Parsnp was designed to align the core genome of hundreds to thousands of bacterial genomes within a few minutes to few hours. Input can be both draft assemblies and finished genomes, and output includes variant (SNP) calls, core genome phylogeny and multi-alignments. Parsnp leverages contextual information provided by multi-alignments surrounding SNP sites for filtration/cleaning, in addition to existing tools for recombination detection/filtration and phylogenic reconstruction.

The tldr is that Parsnp is meant for aligning large sets of very closely related microbial sequences. For example, others in my lab have used parsnp to align over a million SARS-CoV-2 genomes. The only potential concern is that the Parsnp workflow also finishes with a non-optional phylogeny estimation step that takes quite long on such large datasets. Someone should really make it so that you can opt out of that step...

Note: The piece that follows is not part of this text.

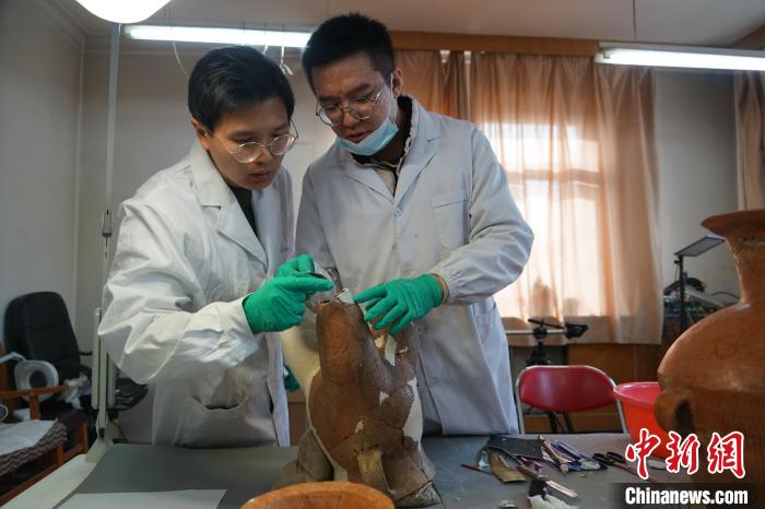 中新網西寧1月24日電 題:探訪喇家遺址受損文物修復現場:古老陶器重煥新生

Spoiler/disclaimer, as the current maintainer of Parsnp, that someone is probably me :grimace:

The output of Parsnp is in XMFA. You're probably looking for a fasta alignment, so you can use HarvestTools to convert them:

harvesttools -x sars_align/parsnp.xmfa -M sars_align/parsnp.maf

Both parsnp and harvest-tools are available on bioconda, and I'd highly recommend installing them that way.